**Task instructions**
Your copy runs from the line containing "宮川さんは一軒のお店で足を止" through the last line of the listing, both included. Restate those lines word for word and leave out pictures.

**Data excerpt**
--------------------
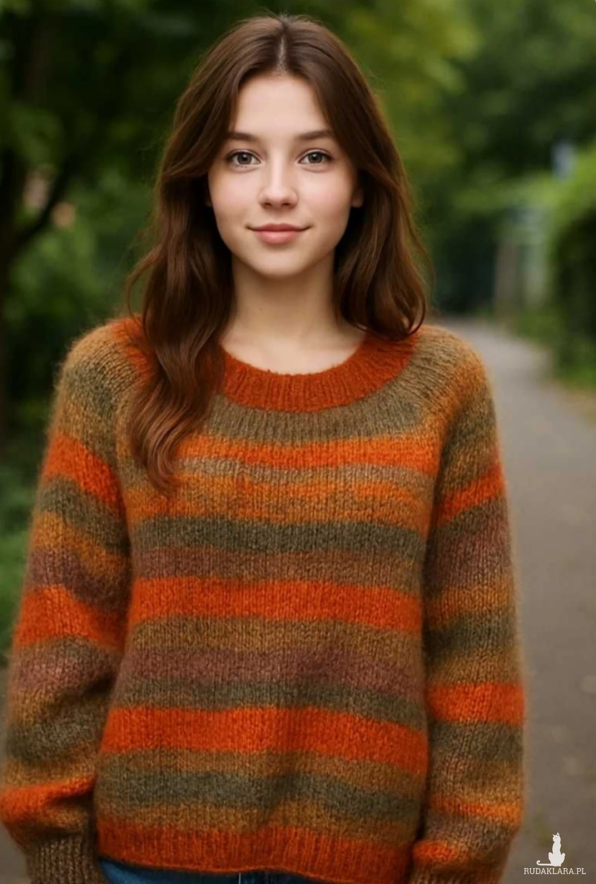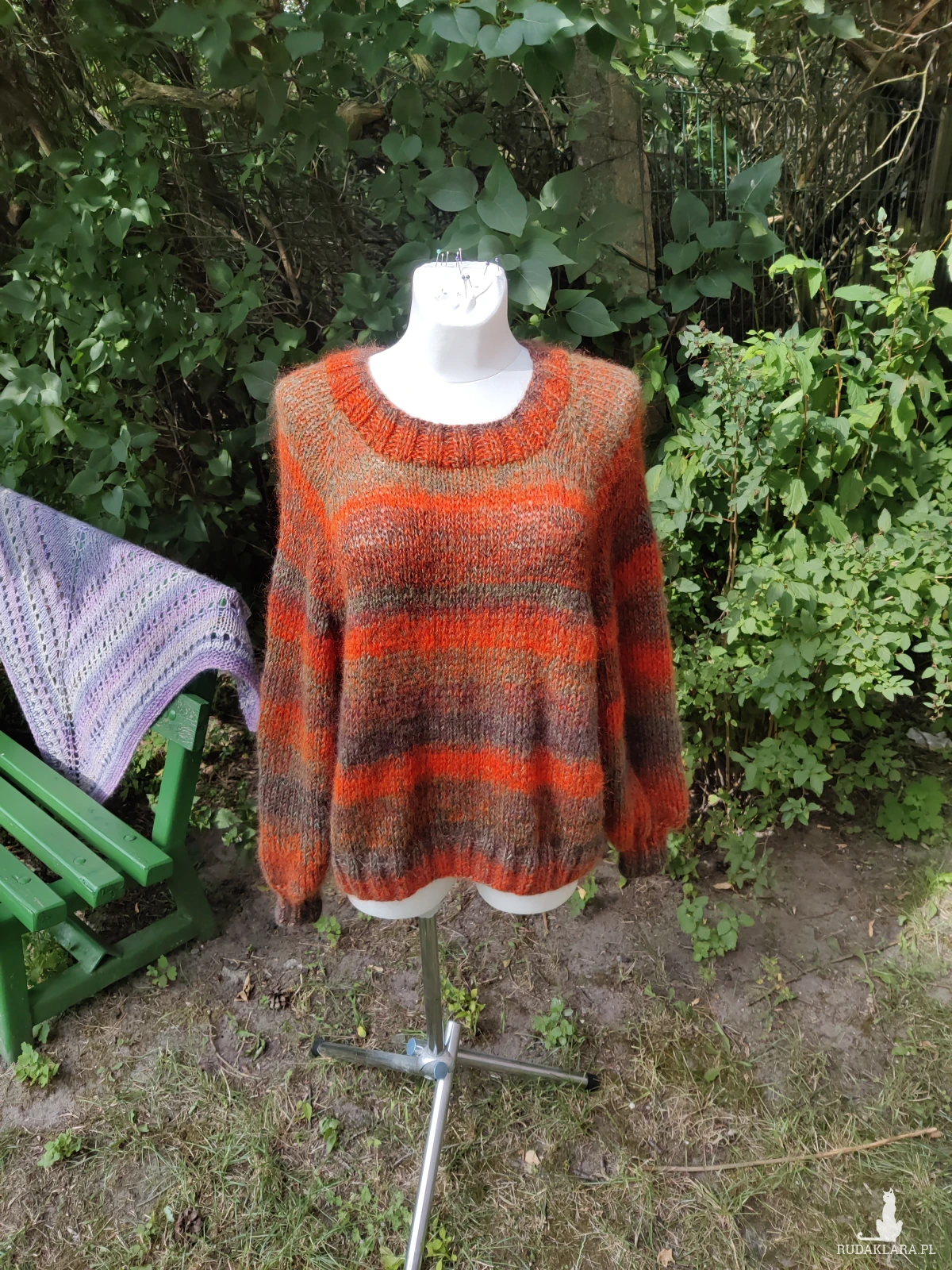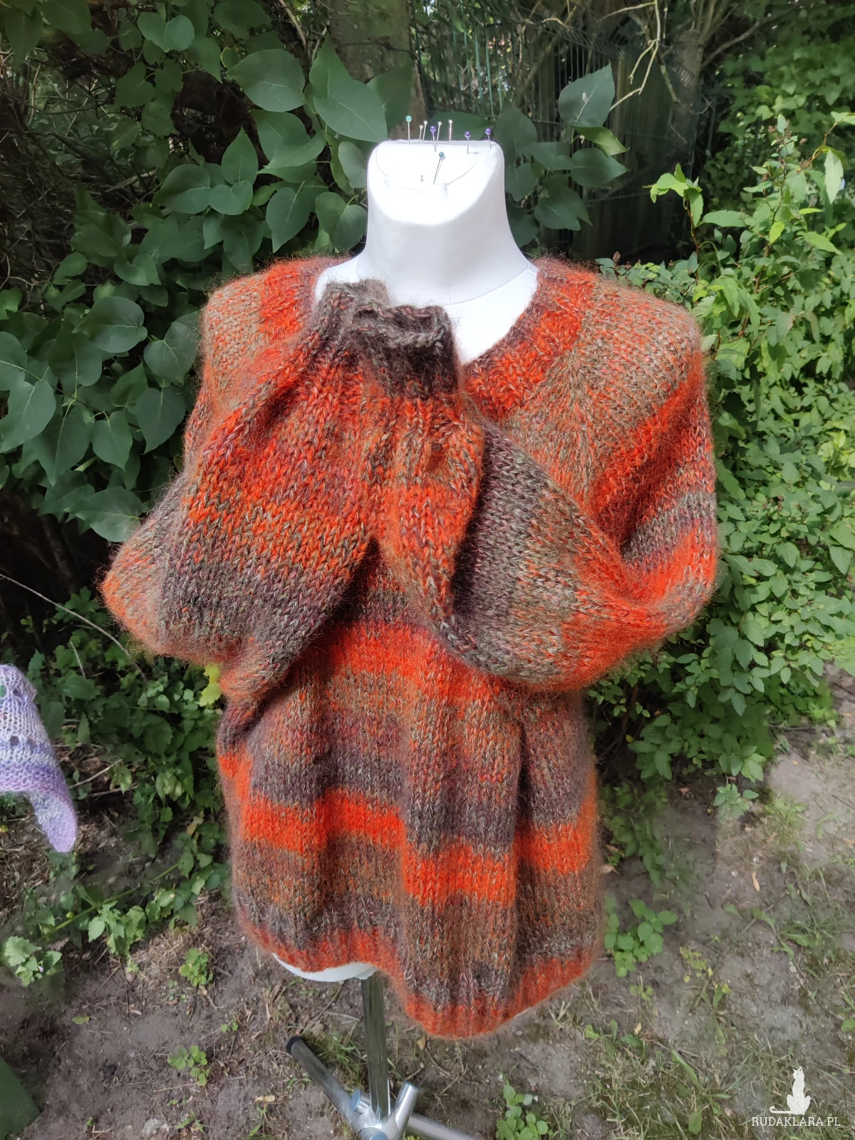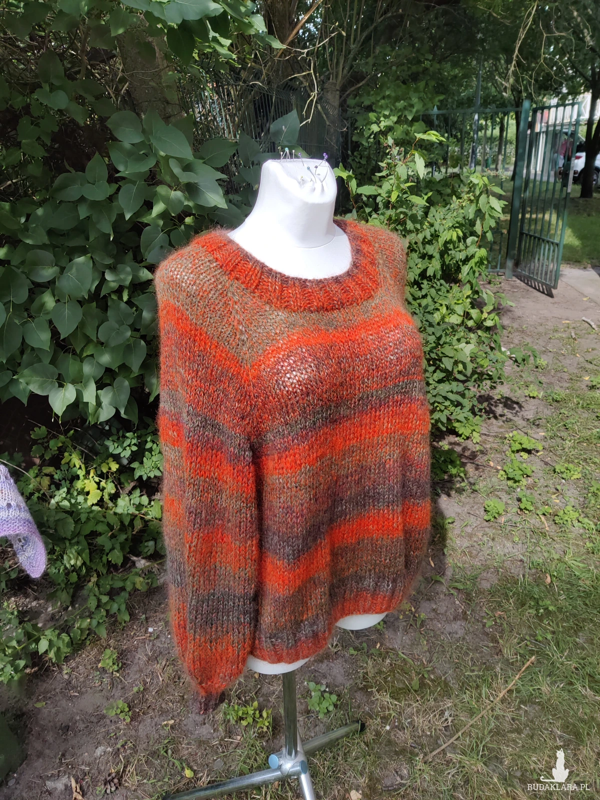 kolory oliwki i pomarańczy intuicyjnie zmieniane nitki wełny w tym swetrze dają niebywały efekt który trudno oddać poprzez fotografie
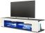 Vladon Lowboard Movie, TV-Kommode mit 4 offenen Fächern und Zierleisten, Schwarz matt/Creme Hochglanz, inkl. LED-Beleuchtung blau (134 x 29 x 39 cm)
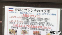 宮川さんは一軒のお店で足を止めました。店頭には「寿司とフレンチのコラボ」と書かれた看板があります。
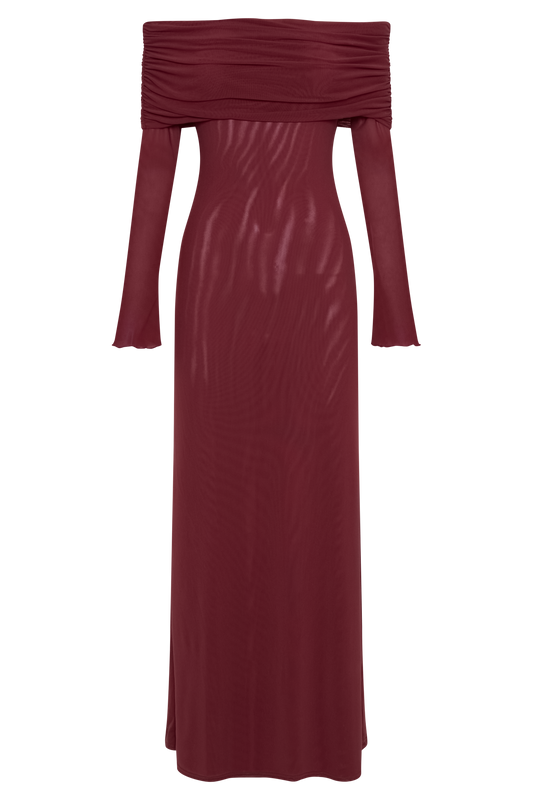 Knotted Mesh Maxi Dress - Mahogany
--------------------
**Solution to the problem**
 宮川さんは一軒のお店で足を止めました。店頭には「寿司とフレンチのコラボ」と書かれた看板があります。
 Knotted Mesh Maxi Dress - Mahogany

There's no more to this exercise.